We sind one family of wilde tiere
hund or human, ganz gleicher soul.
Wir need only zu domesticieren
zu become a wohler whole.
We are alle exist-tieren,
die humanimal kind is unser goal.
Uit de bundel: ‘Tanzen Round die Poë-tree’. Günther Kowalski 2014©
Haiku
Boeddha zit in mist.
Een reiger schijt op zijn hoofd.
Natuur is heilig.
Ik heb mij vergist,
het blijkt Vondel’s monument.
in Aemstelredam.
Vergis ik mij weer?
Wordt het soms een reigersnest?
Vondel als sokkel?
Nee, nu weet ik het.
Je weet nooit echt wat je ziet,
enkel dat je ziet.
Toch Boeddhanatuur,
dit besef van benulzijn
lijmt alles aanéén.
Huidbewoners

We zaten als gegoten in dit alomvattende vel,
zo leerden we dat op ‘de School des Levensch’.
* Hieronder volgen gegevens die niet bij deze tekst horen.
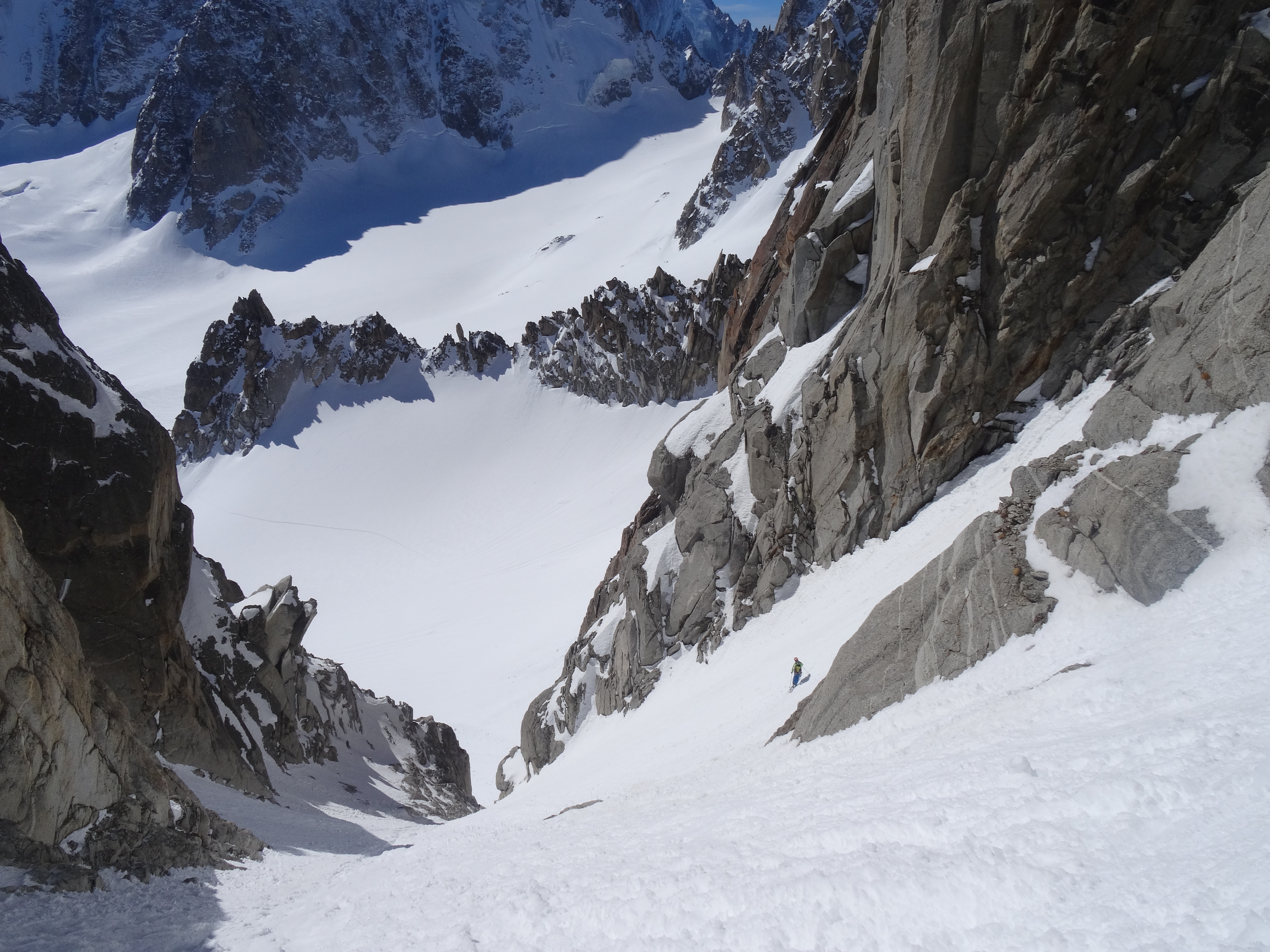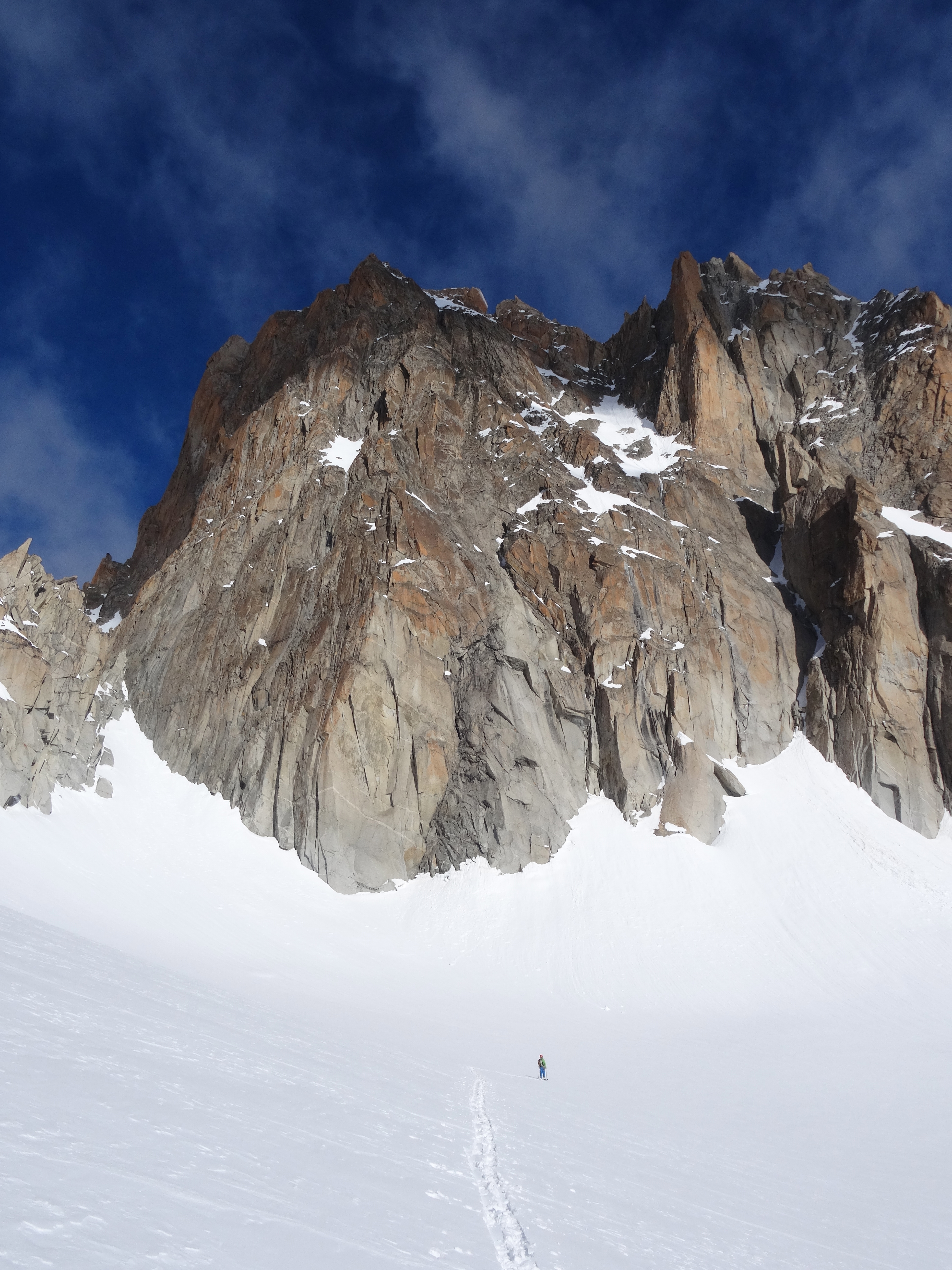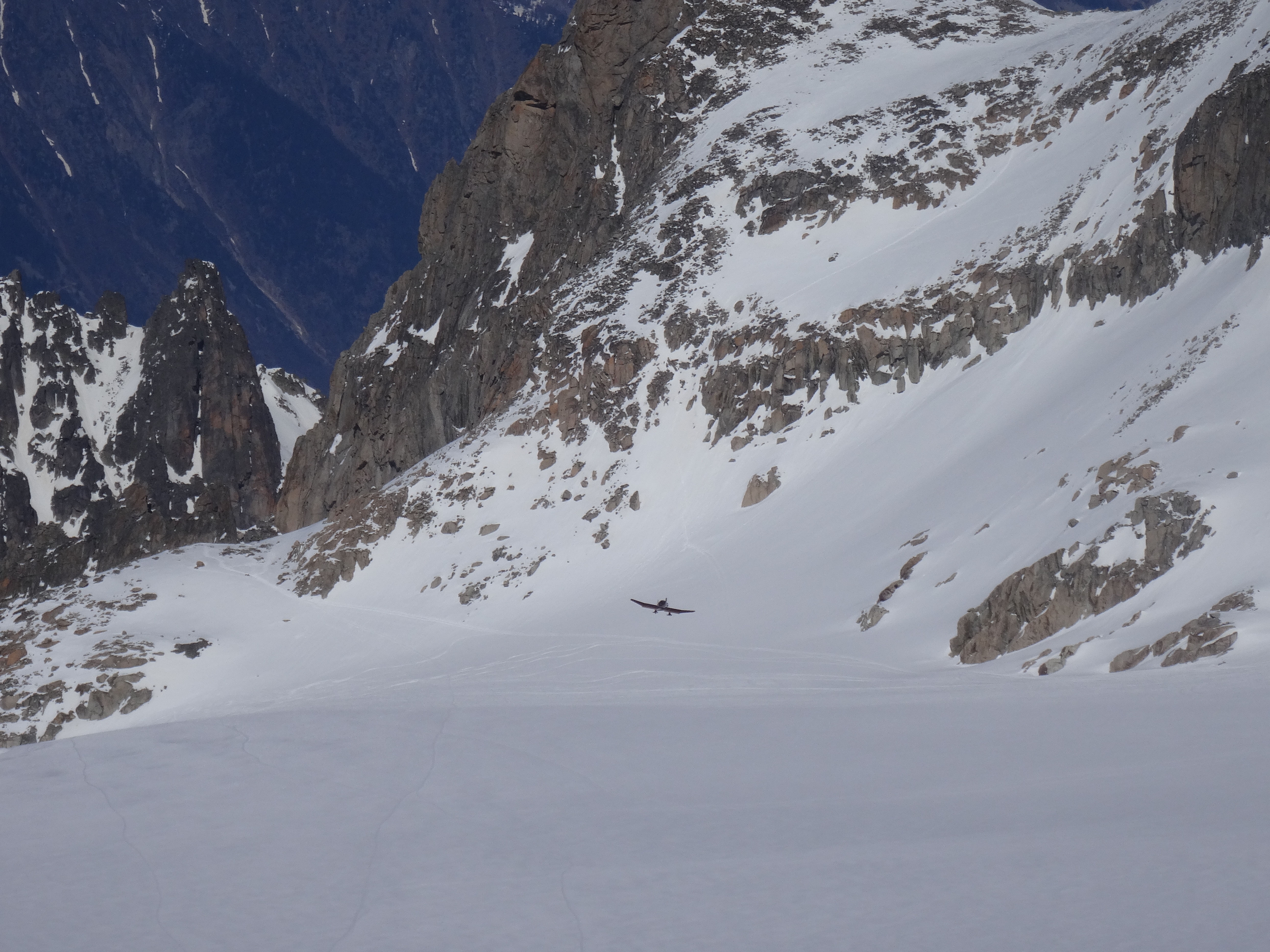 Un coup de benne des Grands Montets et nous voilà au pays des glaciers (seulement 1h30 de queue cumulée, une affaire !). On traverse le glacier d’Argentière puis montée au Col du Tour Noir. Mais en fait c’est long et plat cette affaire ! Par contre, en terme de paysage, difficile de se plaindre 🙂 Pour tous les amateurs de pente très raides/manieurs de piolets, les faces N du bassin ressemblent à Greg la nuit du refuge du Chardonnet, à savoir « sec ».
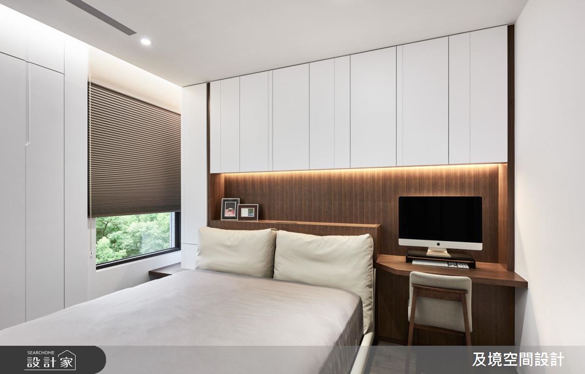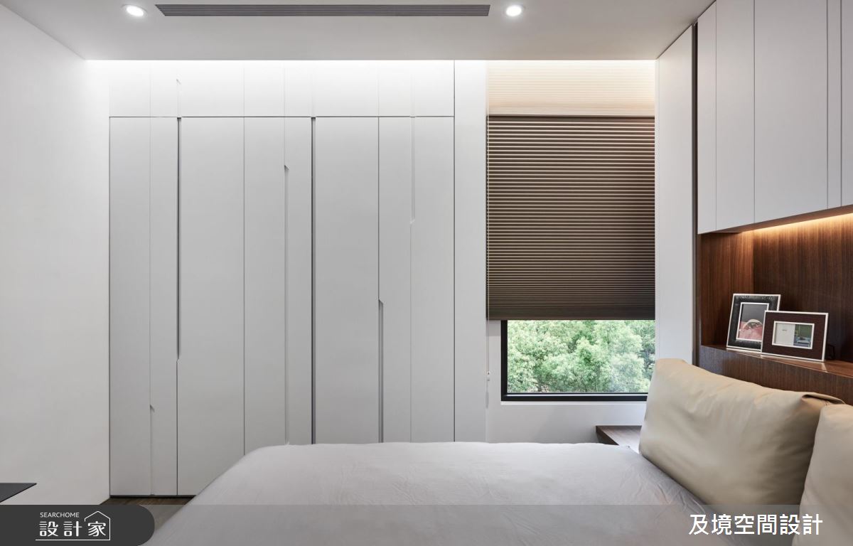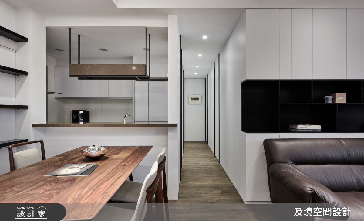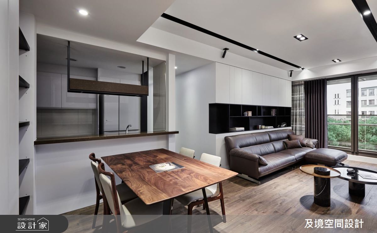 居宅加入大量的白色鋪陳底調,讓空間感顯得輕盈無壓,再用內斂黑色勾勒立體架構,搭配沉穩的木地板鋪陳,替冷調氛圍挹注溫煦氣息,一旁落地窗則導入美好自然光,使室內頓時展現明亮氣氛,而電視牆更加入展示空間,與沙發背牆形成對應,建構現代風的流暢語彙;開放式的用餐場域,以溫和木桌作為主視覺,搭配備餐檯提高使用的靈活度,同時在周邊給予白色櫃體安排,映襯出清爽而富有機能感的使用情境;寢臥內,延續俐落的線條與色彩,展示出簡約的生活味道,再搭佐木質鋪陳並嵌入間接光源,讓床頭成為一幅美好畫面!
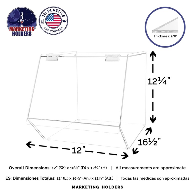- Overall Dimensions: 12"W x 16.5”D x 12.25”H. *All sizes are approximate Freestanding countertop bread bin for bakeries, pastry shops or restaurants The hinged lid makes refilling quick and easy Proudly made with premium high quality acrylic

‘Alom gevat in vel, gevangenen van het vlees’.
De huid als kust die ons omgeeft, dat geloofden we.
Als we even ontsnapten aan de leer wisten we wel beter:
De huid is omgeving, bezield door grenzenloze geest.
Die geest is evenzeer buiten de huid tastbaar, als daar binnen.
De zee van hemel bleef aanspoelen op het huidige strand.
De hemelse geest verkent ons ‘huidbewoners’ door en door.
Ze bevrijdt ons van het knellende vel door zich gelijk te stellen.
Het was maar een membraan van waan geweest, heel geestig.
Wat was de aarde anders dan opperhuid, planeetbekleding?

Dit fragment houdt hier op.